To install, simply use the requirements.txt file 
`pip install -r requirements.txt`
Additionally, if you plan to train VGAN, you should also install the torch-two-sample package: 

```
git clone git@github.com:josipd/torch-two-sample.git
cd torch-two-sample
pip install .
```

# How to use VGAN, and how to reproduce our results

## For reproducing our results
The main branch of the repository constitutes the current release of V-GAN, and it's meant to be used on the final user's data. To reproduce our results, you can use the specific code **on each branch**. The data for the real-world experiments can also be downloaded from the original source (the ADBench benchmark [4]) by simply executing 
```
sh get_data.sh
```
in any of our experimental branches.

## For your own data

Is very easy to use V-GAN for your own data! An example can be found in the notebook `test.ipynb`. 

# References 
[1] Adversarial Subspace Generation for Knowledge Discovery in High-Dimensional Data

[2] Léo Grinsztajn, Edouard Oyallon, and Gaël Varoquaux. 2022. Why do tree-based models still outperform deep learning on typical tabular data? In Proceedings of the 36th International Conference on Neural Information Processing Systems (NIPS '22). Curran Associates Inc., Red Hook, NY, USA, Article 37, 507–520.
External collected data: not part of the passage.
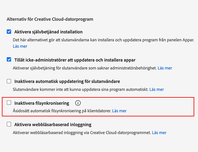 Som administratör kan du välja att inaktivera synkronisering av Creative Cloud-filer på slutanvändarnas datorer. Filsynkronisering är aktiverat som standard. Att inaktivera det här alternativet är dock praktiskt om du distribuerar paket i en testmiljö. Om du till exempel testar distributionsscenarier behöver du inte ett stort antal filer som ska synkroniseras mellan olika enheter.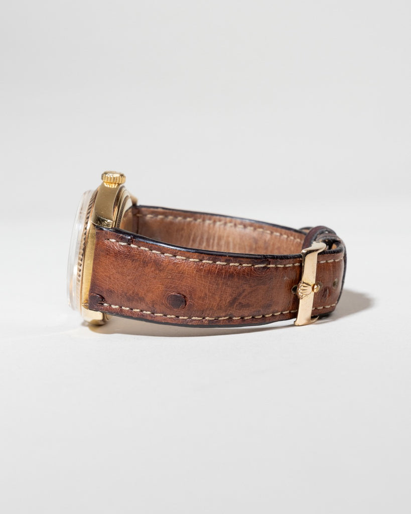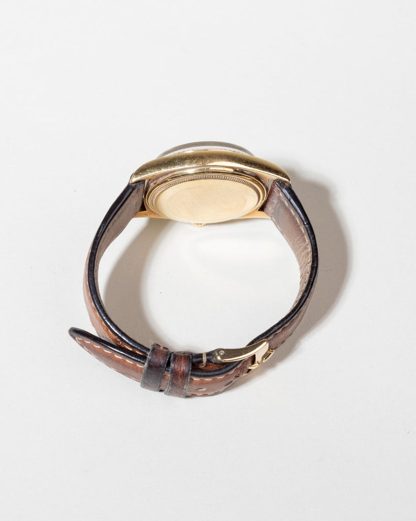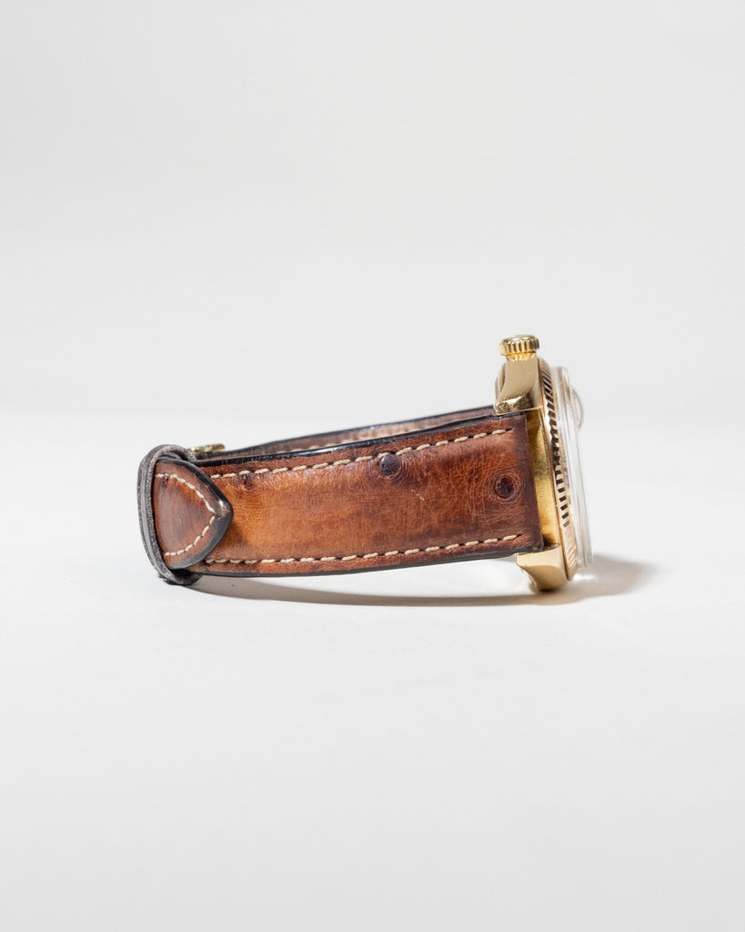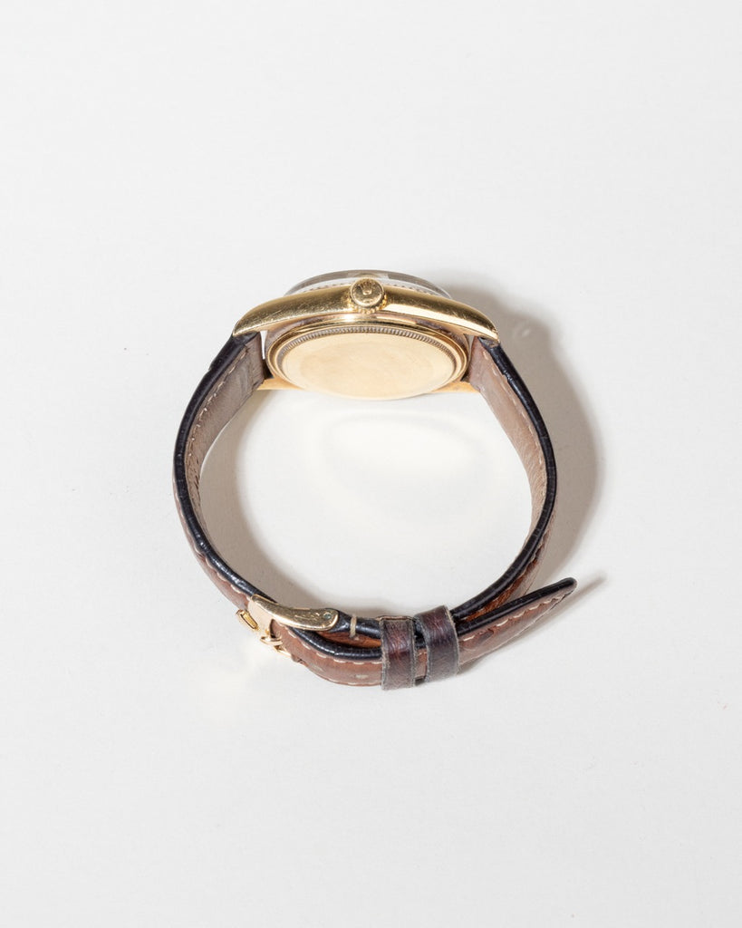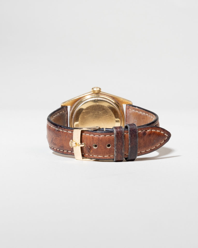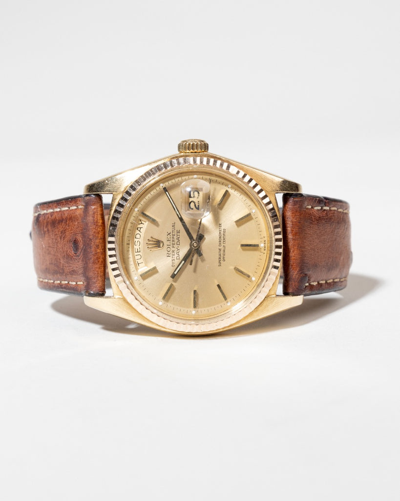 En ikonisk vintage Rolex Day-Date, kendt som “Præsidentens ur”, udført i massivt 18 kt guld. Denne ref. 1803 har en klassisk champagnefarvet skive med dagvisning kl. 12 og dato kl. 3, indrammet af den karakteristiske riflede guldbezel. De slanke guldtone-markeringer og den varme patina giver uret et autentisk og tidløst udtryk. Drevet af et pålideligt automatisk værk kombinerer modellen luksus, historie og klassisk schweizisk håndværk. Et must-have for samlere af vintage Rolex.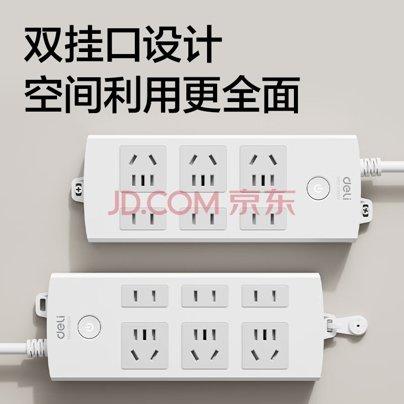 商品相册:得力(deli)3C认证国标安全插座 插排/插线板/接线板/排插/拖线板 总控开关 儿童保护门 6位2米 18208第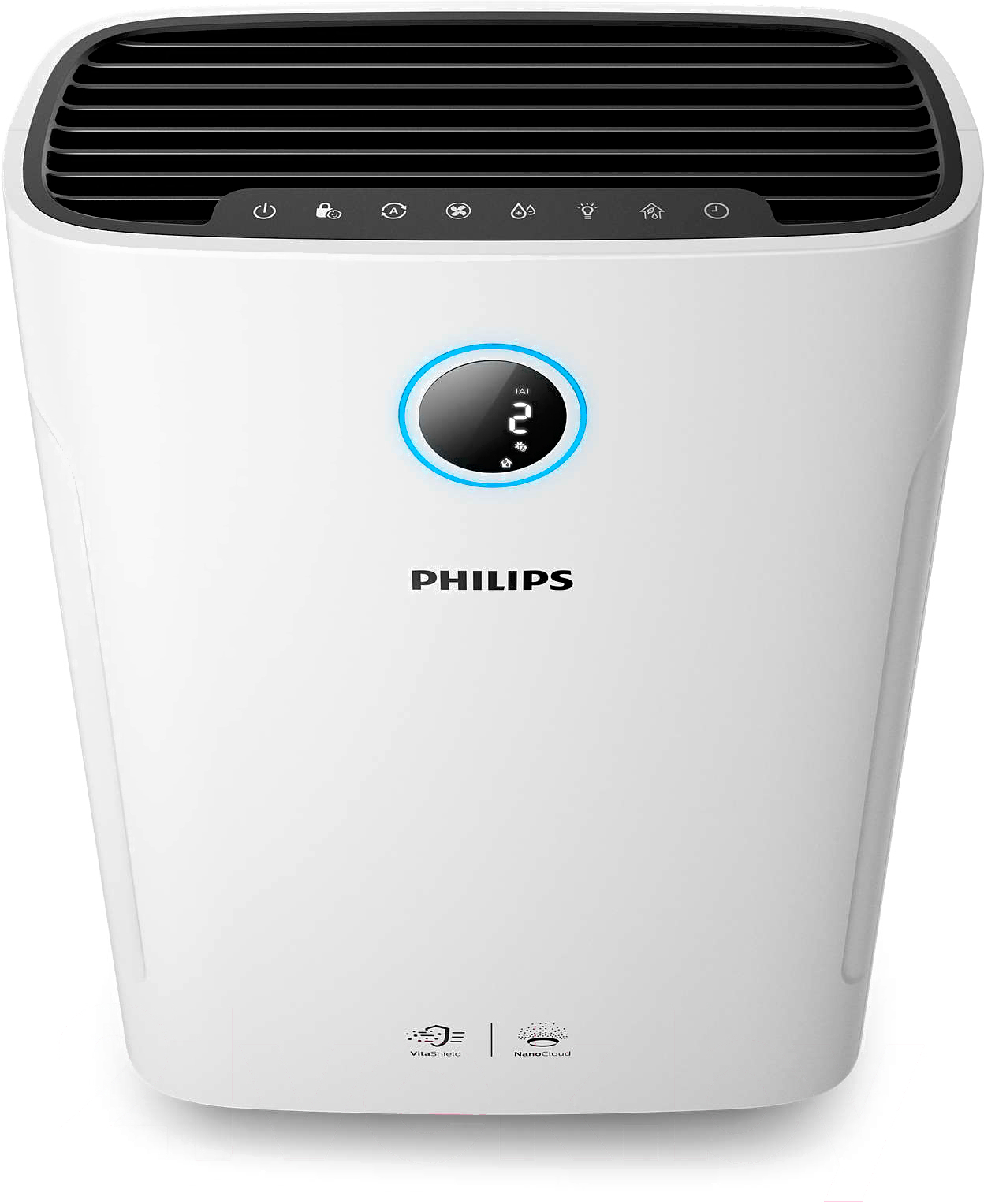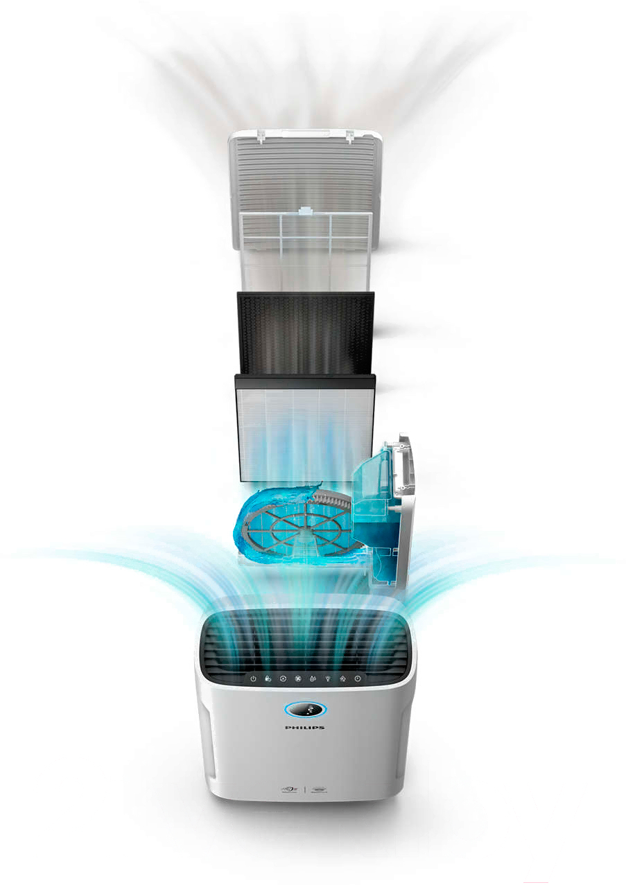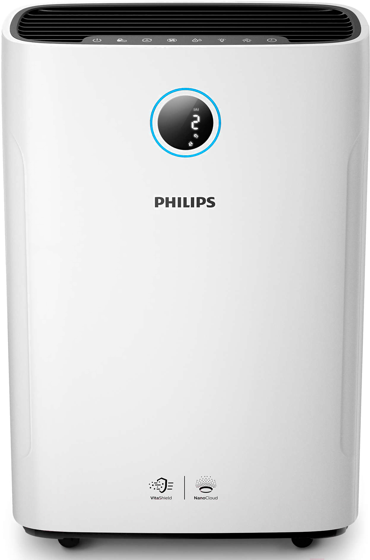 Климатический комплекс Philips AC2721/10; Тип: климатический комплекс; Размещение: настольный; Индикация: режима, низкого уровня воды, замены/очистки деталей, качества воздуха; Воздухообмен: 250 м³/ч; Макс. обслуживаемая площадь: 65 м²
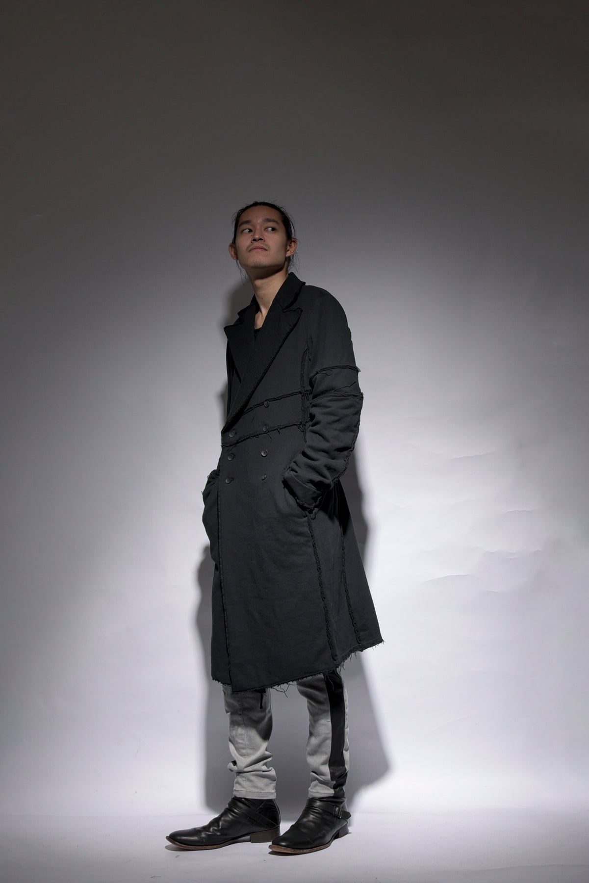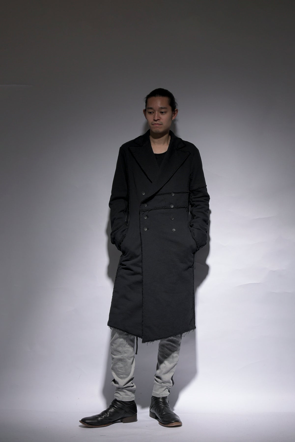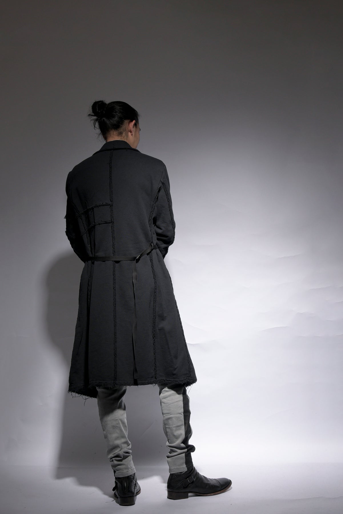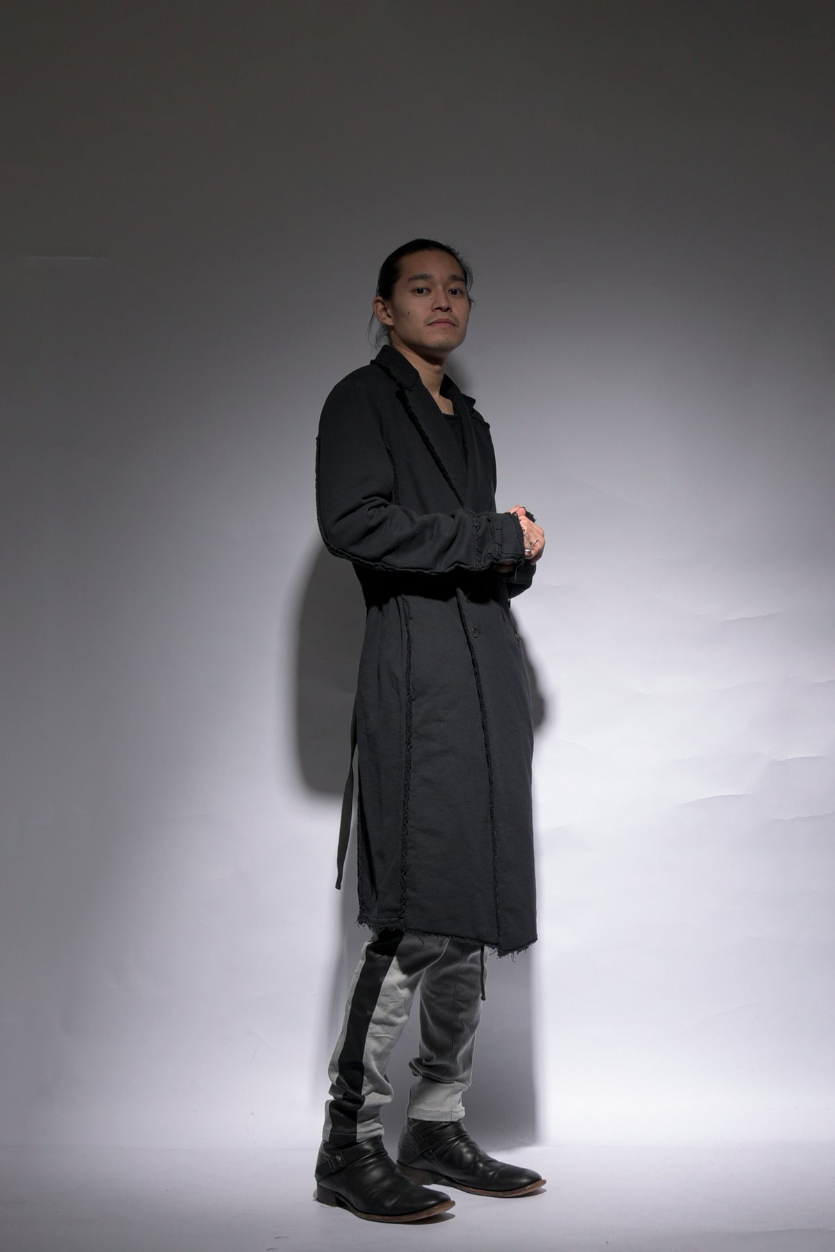 反応染料で染色をした後、脱色加工をすることにより色落ち、色ムラ感、シワ感を出したコットン裏毛のカーディガンジャケットです。気軽に羽織れる羽織ものとして、とても重宝いただけます。断ち切り始末などのディティールにより製品洗いの風合いも程よく表現されています。A色はブラック単色です。

[3] Borisov, V., Leemann, T., Seßler, K., Haug, J., Pawelczyk, M., & Kasneci, G. (2024). Deep Neural Networks and Tabular Data: A Survey. IEEE Transactions on Neural Networks and Learning Systems, 35(6), 7499–7519.

[4] Songqiao Han, Xiyang Hu, Hailiang Huang, Minqi Jiang, and Yue Zhao. 2022. ADBench: anomaly detection benchmark. In Proceedings of the 36th International Conference on Neural Information Processing Systems (NIPS '22). Curran Associates Inc., Red Hook, NY, USA, Article 2329, 32142–32159.